The result of these changes is that in 2017 we have the Administrative Court holding that Lambeth had acted unlawfully in providing accommodation for a family as far away as Tilbury and that / because they had failed to take a series of necessary steps before concluding that the accommodation was suitable. The approach taken by Lambeth in this case represents the traditional approach taken by local authorities to providing temporary accommodation which is to find a place without considering the suitability of the accommodation or the objections of the applicant to it in detail. The background to this approach has been that local authorities only have limited housing stock with which to meet a high demand for accommodation. There is an unspoken belief that any disruption experienced by the applicant and their family is the result of the applicant for becoming homeless in the first place. Thus, applicants are expected to find new schools for their children in the area where the local authority places them even if they have to change schools again after that if they have to move again.

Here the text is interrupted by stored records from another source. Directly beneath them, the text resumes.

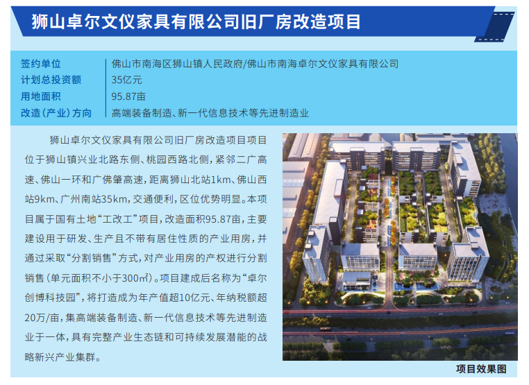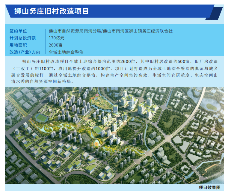 今年3月,南海区印发《关于规范和加快“三旧”改造工作促进城乡融合发展改革创新实验区建设工作方案》,启动南海区旧村居改造三年计划。活动现场,对纳入三年行动计划的旧村改造项目代表项目、产业类项目进行签约。签约项目共18个,其中狮山镇2个,面积约2695.87亩,计划总投资额约205亿元。
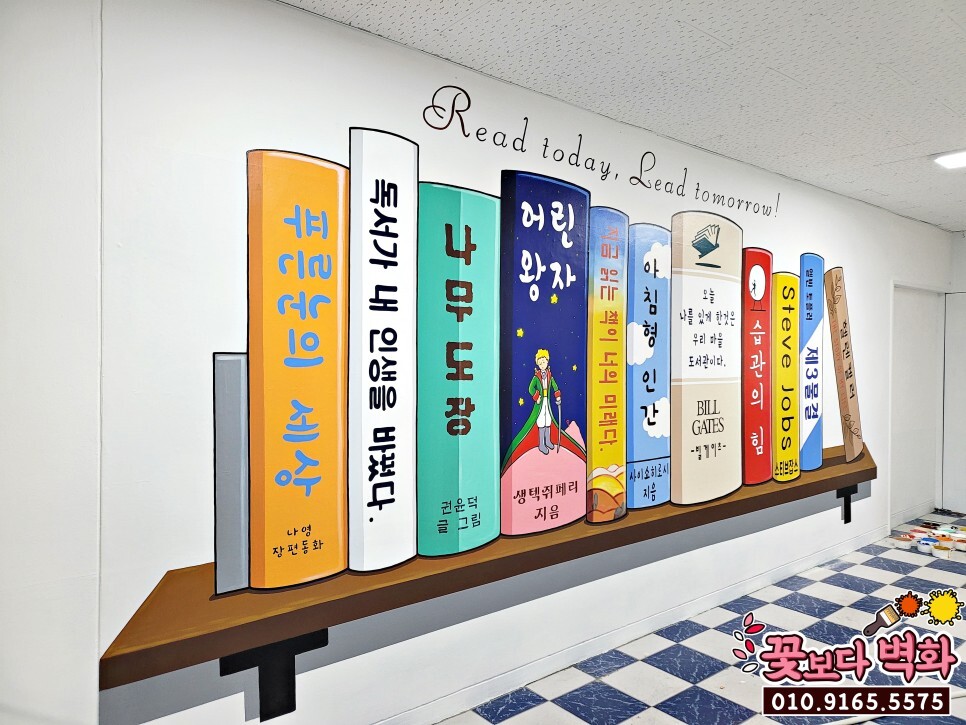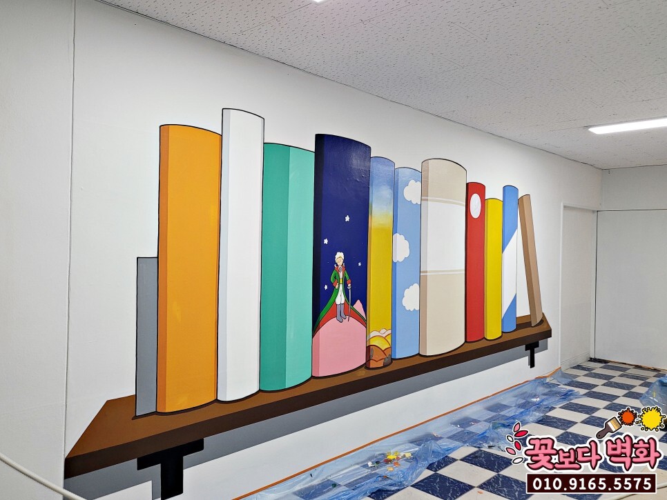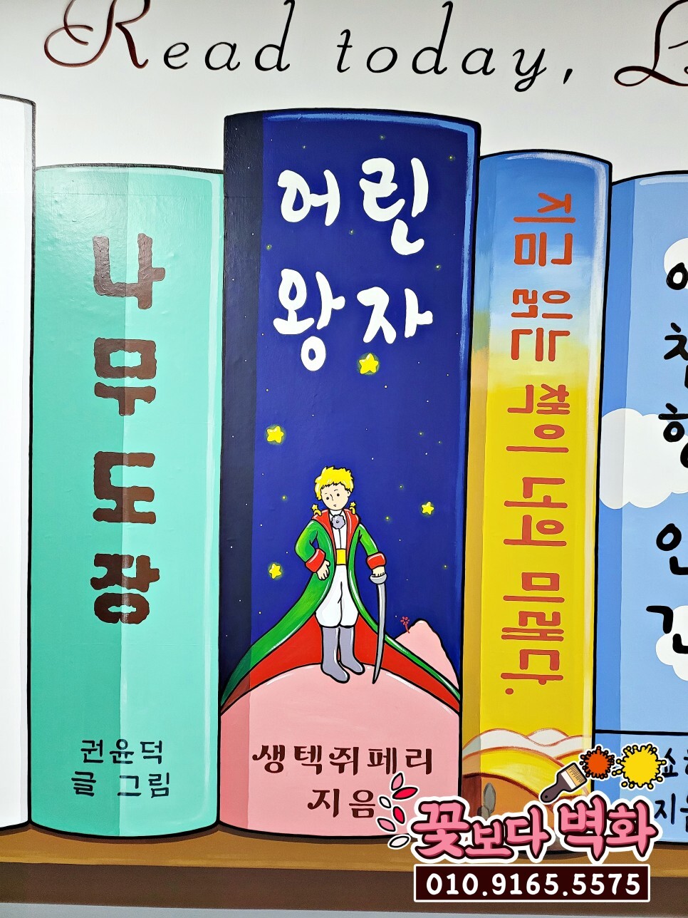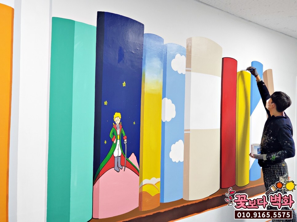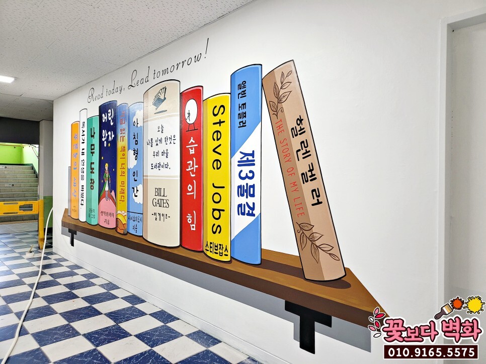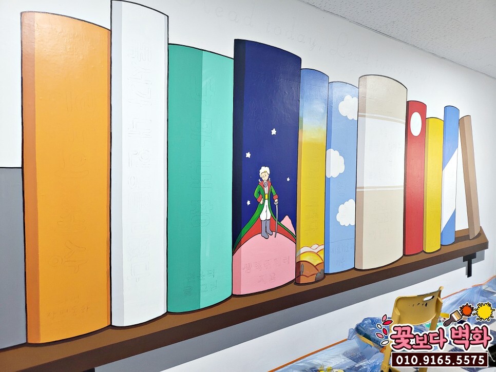 아이들이 많은 책을 읽고 꿈을 키울수 있는 도서관입구 복도에 멋진 책그림을 그려넣고 왔습니다.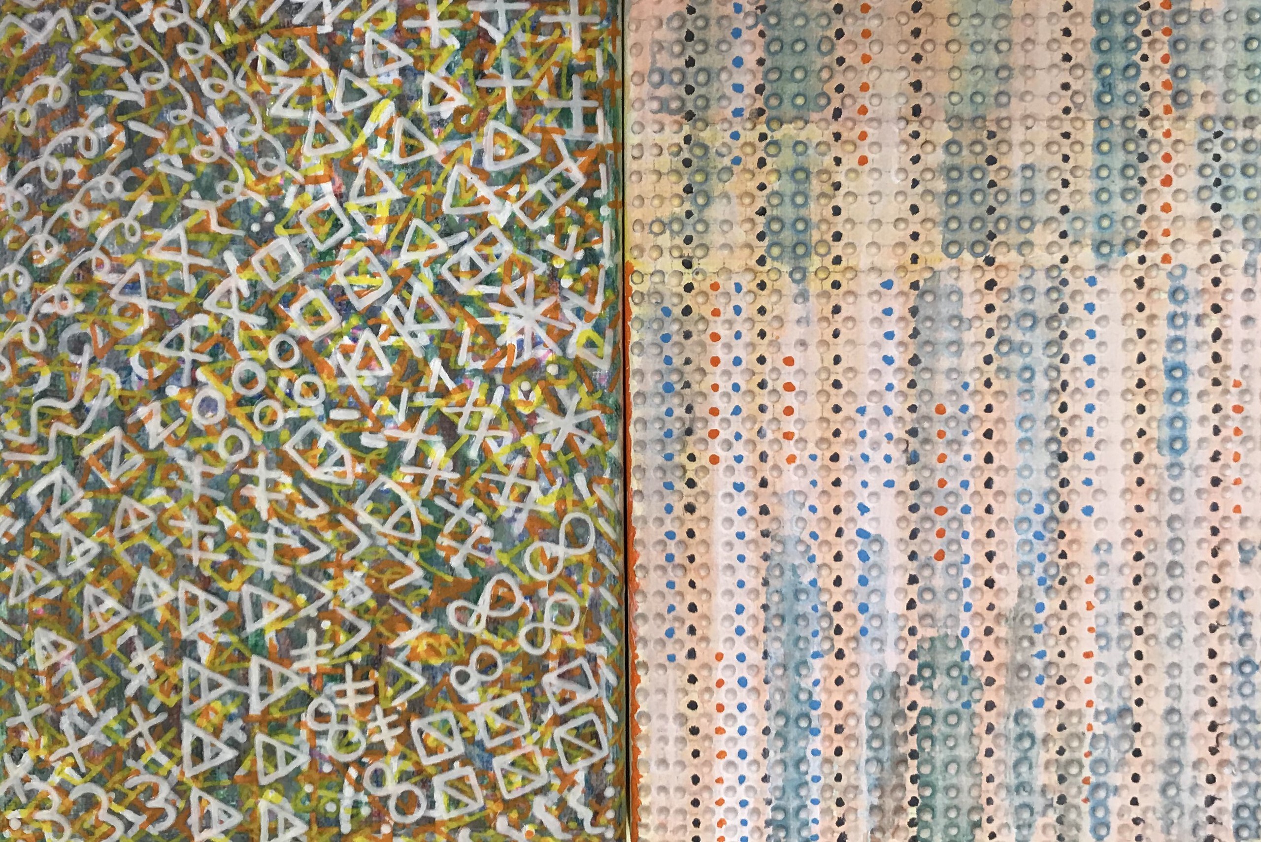 Als experiment hebben Josée Wuyts en Frans de Groot 2 structuurschilderijen samengebracht tot 1 geheel. Links is van Josée en rechts van Frans.

The judgment shows that local authorities behaving in this way can expect to have their decisions successfully challenged. It is therefore essential for local authorities and those assisting people who apply to those authorities are aware of the the new standards by which offers of accommodation and the process surrounding offers being made and reviewed will be judged. Until recently it was common for housing solicitors (me included) to be reluctant to take on cases involving challenges to the suitability of accommodation offered to homeless persons. There was a sense that the challenges would almost certainly fail as the Judge would be likely to uphold the traditional position that suitability was for the council to determine. This led to a situation where homeless applicants could be treated much like farmyard animals and moved from stable to stable without consideration of their needs or those of their families. Cases like this mean that this is no longer the case. It seems much easier to challenge decisions such as the one in this case as local authorities are still struggling to adapt to the new requirements and making elementary errors. It will be interesting to see what happens as they do adapt given that they still face the same shortages of resources and won't be able to respond by magically finding suitable accommodation to offer to applicants.
I must mention the detail and quality of Paul Bowen KC's judgment in this case. The judgment only runs to 10 pages but took me a very long time to read due to the need to stop and get my head around the many issues considered in detail. I think that it will be necessary for me to write a number of additional posts to consider the issues arising this in the case in the detail which they deserve. It is also worth noting that Joshua Jackson, counsel for the Claimant in this matter was only called to the bar in 2020 which makes a case of this importance and complexity a major achievement for someone still relatively new to the game.
One last observation is that cases such as this show a further change in the law on homelessness is in the sort of cases which are being reported. For many years most of the big cases in homelessness law were about whether a council could refused to accept a duty to an applicant fort instance because they were not in priority need or were intentionally homeless. This has been changing since the Localism Act 2011 allowed local authorities to discharge their longer term duties to homeless persons by offering them private sector accommodation. Before that they could only offer social housing. There is less pressure on local authorities now to refuse to provide accommodation as they have access private housing stock. The arguments now tend to be about whether the accommodation offered is suitable rather than whether any accommodation should be offered.